Kevin Vickers no fue designado embajador canadiense en Dublín por sus buenas notas en la escuela diplomática, ni por su conocimiento de idiomas, ni por su capacidad dialogante, habilidad negociadora o dotes para la resolución de conflictos. Lo fue como premio a su heroica actuación hace un par de años como sargento encargado de la seguridad del Parlamento de Ottawa, cuando se puso en la línea de fuego y salió de detrás de una columna para disparar contra un terrorista islamista que acababa de matar a un joven militar en un homenaje a los soldados muertos en las guerras.
A pesar de sus 59 años, Vickers, de origen irlandés, responde más al perfil de un 007 o un Clint Eastwood que al de un embajador convencional, y por eso su comportamiento no ha sorprendido demasiado. Tal vez vio un paralelismo entre aquella ceremonia del 2014 y la del otro día en el cementerio militar de Grangegorman, en Dublín, para rendir tributo a los soldados británicos que perdieron la vida en el levantamiento de Pascua de 1916. Lo cierto es que cuando Brian Murphy, un republicano, se puso a gritar desaforadamente a fin de boicotear el acto, el emisario canadiense abandonó como disparado por un cohete su posición entre las personalidades, se lanzó a por el manifestante, lo cogió del cuello de su chaquetilla de cuero, y lo arrojó al suelo en medio del estupor general.
“Le estamos agradecidos, aunque no es lo que uno esperaría de un diplomático, y mejor que no cunda el ejemplo; para asuntos de seguridad ya tenemos a la policía”, ha comentado extraoficialmente un funcionario del Gobierno irlandés, para el que la conmemoración del levantamiento de hace un siglo ya está provocando suficientes quebraderos de cabeza sin necesidad de que los legados de misiones extranjeras pongan su granito de arena.
La rebelión de 1916 duró seis días. Liderada por James Connolly, Patrick Pearse y otros héroes de la patria, los insurgentes tomaron la oficina de Correos de O’Connell Street y proclamaron una república independiente libre del yugo del colonialismo inglés, hasta que el ejército de Su Majestad –que estaba distraído con la Primera Guerra Mundial– envió artillería y miles de tropas desde el otro lado del mar de Irlanda, sofocó el levantamiento y ejecutó a sus cabecillas. Dublín quedó en ruinas y murieron 500 personas, más de la mitad civiles, y entre ellas, 125 soldados británicos.

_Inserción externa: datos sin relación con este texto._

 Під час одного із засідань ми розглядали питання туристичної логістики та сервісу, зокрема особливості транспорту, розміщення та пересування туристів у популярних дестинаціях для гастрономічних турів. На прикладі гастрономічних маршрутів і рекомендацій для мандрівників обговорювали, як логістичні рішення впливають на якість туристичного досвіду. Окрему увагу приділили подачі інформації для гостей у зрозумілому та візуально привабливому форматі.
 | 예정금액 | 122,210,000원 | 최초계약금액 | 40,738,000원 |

Es a estos a quienes estaba dedicado el homenaje del cementerio militar de Grangegorman, que el republicano Murphy, nieto de un veterano de la rebelión, interrumpió a gritos de “insulto, insulto”. Aunque el levantamiento fue neutralizado por las armas, la actuación del poder inglés acrecentó el sentimiento anticolonial e hizo que la mayoría de irlandeses se decantasen por la independencia, desatando una serie de acontecimientos que en pocos años llevaron al nacimiento de la República, la guerra civil, la batalla entre las facciones de Michael Collins y Eamon De Valera, y la separación de los seis condados del Ulster.

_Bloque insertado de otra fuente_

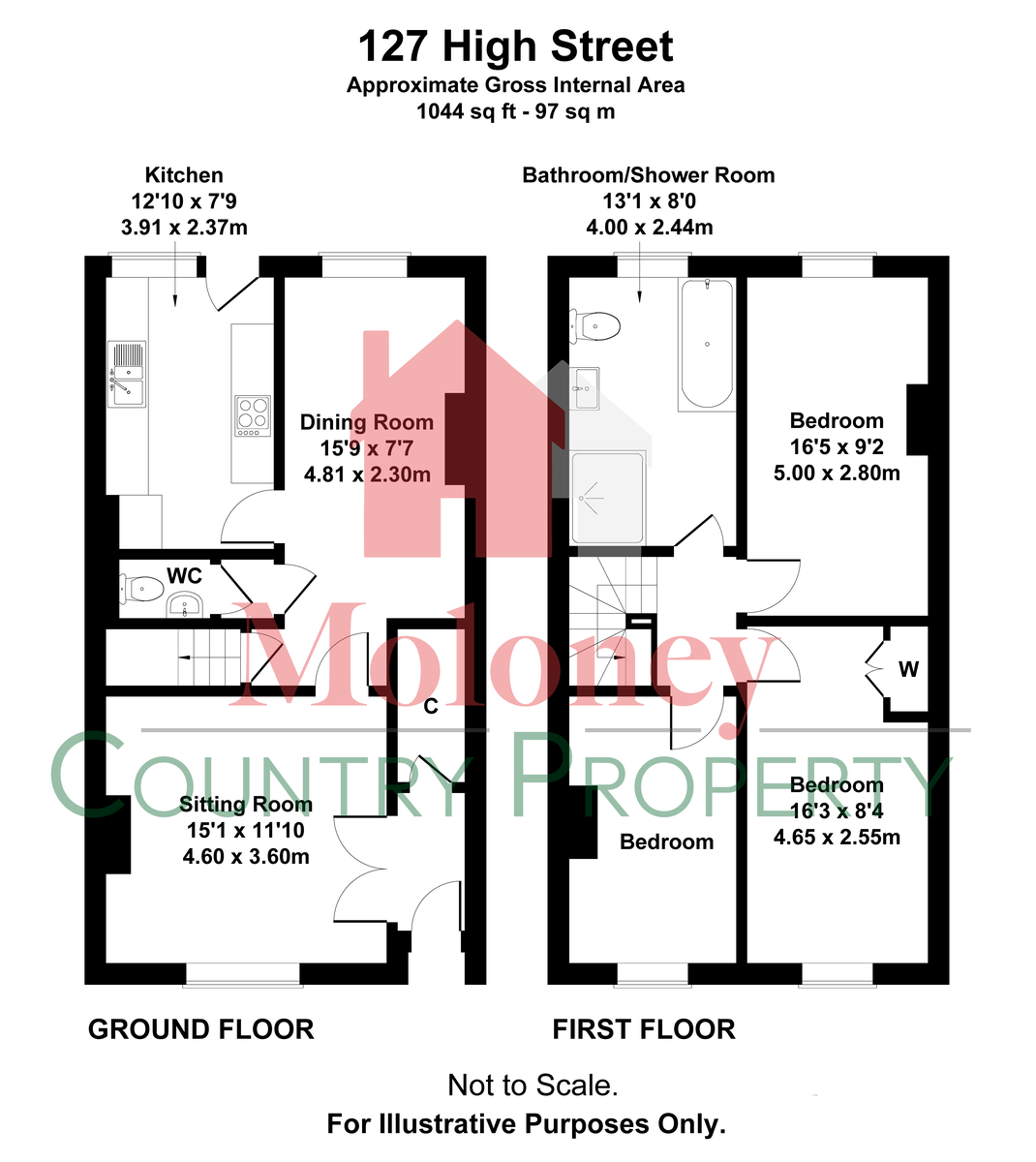 Floor Area: 97 m2 (1,044 ft2) Approx.
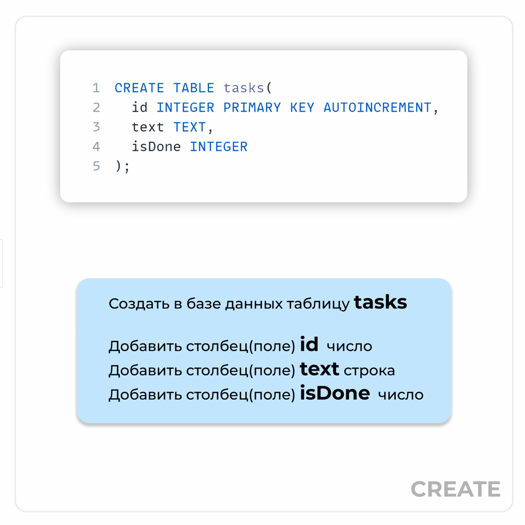 isDone INTEGER -- Целочисленное поле (0 или 1)
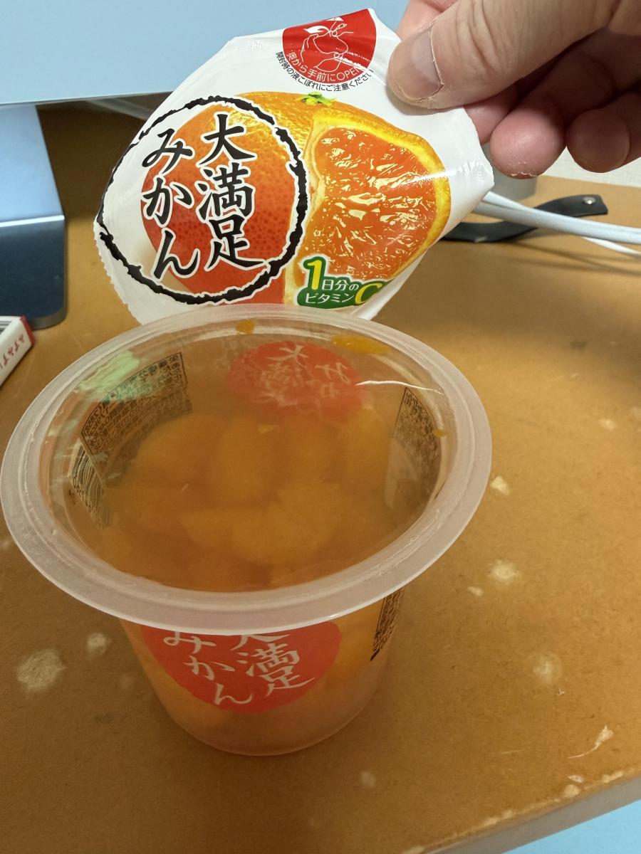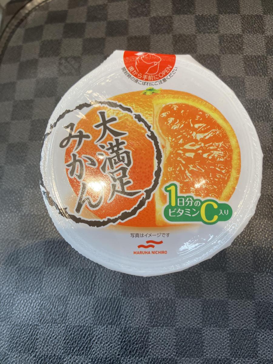暑い日に冷たいゼリーが食べたくなってコンビニで購入しました。どでかいカップにゼリーとミカンの果肉が入っています。ずっしりと重たいです。ゼリーはツルンと口当たりが良く、熱った体をクールダウンしてくれました。1日分のビタミンCも摂れるそうです。商品名の通り大満足。美味しかったです!
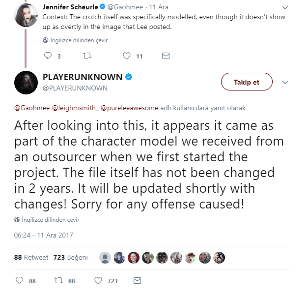PUBG de açıklama yapmak durumunda kaldı ve şunları söyledi: "Kadın karakter üzerinde görülen o kısım, oyunun ilk çıkış yaptığı zamanlarında geliştirici ekipten olan bir kişi tarafından tasarlanmıştı. Şuanda o geliştirici ekipte olmadığı gibi, karakter dosyasına da 2 senedir dokunulmadı. Yani oyunun geliştiricileri bu durumu kasıtlı olarak değiştirmedi ve yayınlamadı." dedi.
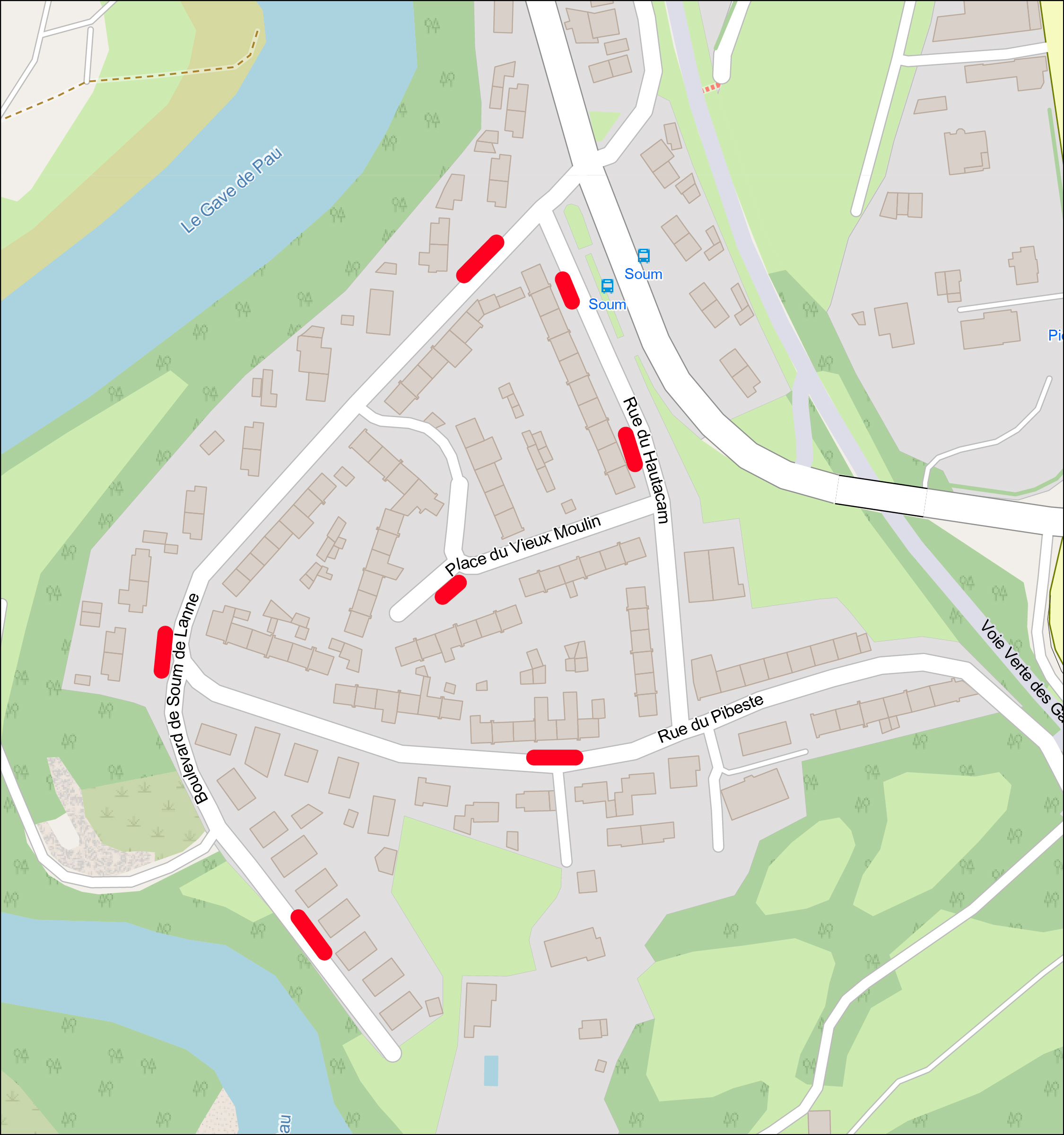 Durant la période indiquée, la chaussée est rétrécie boulevard de Soum de Lanne au droit des n° 10 et 32 et en face du n° 31, rue du Pibeste en face des n° 31 et 33, rue du Hautacam en face des n° 4 et 18, place du Vieux Moulin en face du n° 17, en fonction de l’avancement des travaux.
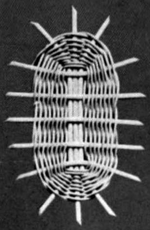 Make a base 81⁄2 inches in double weaving No. 4 reed. Insert the 31 29-inch spokes. Turn sharply upward and make one row of 3-rod coil. Insert the 31 15-inch spokes and work three rows of triple twist. The spokes are now double and should be held straight. Make eight rows double weaving and four rows in triple. Leave one inch space open. Find the middle of a long weaver, place it around one of the double spokes and weave seven rows in pairing.

La conmemoración del 50 aniversario del levantamiento fue utilizada por el reverendo Ian Paisley para movilizar a la comunidad protestante de Irlanda del Norte, y el Gobierno de Dublín ha hecho un esfuerzo para que los actos del centenario fueran políticamente más equilibrados, y honrasen no sólo a los héroes republicanos de la patria, sino también a los soldados británicos caídos. Pero actos como el del cementerio han resultado enormemente polémicos y han contado con la oposición del Sinn Féin, que era el brazo político del IRA y ahora es un partido con una amplia representación parlamentaria.
Tras ser subyugado por el embajador Vickers (un antiguo miembro de la Guardia Montada de Canadá), Murphy fue llevado a la comisaría de Blanchardstown, detenido y acusado de perturbar un acto público. Los policías le dijeron que podía darse con un canto en los dientes, porque el diplomático no se anda con chiquitas, y le contaron lo ocurrido en Ottawa. “Yo sólo quería protestar pacíficamente, y denunciar la injusticia de que los asesinos y opresores reciban un homenaje –dijo–. Pronto nos olvidamos de nuestra propia historia”.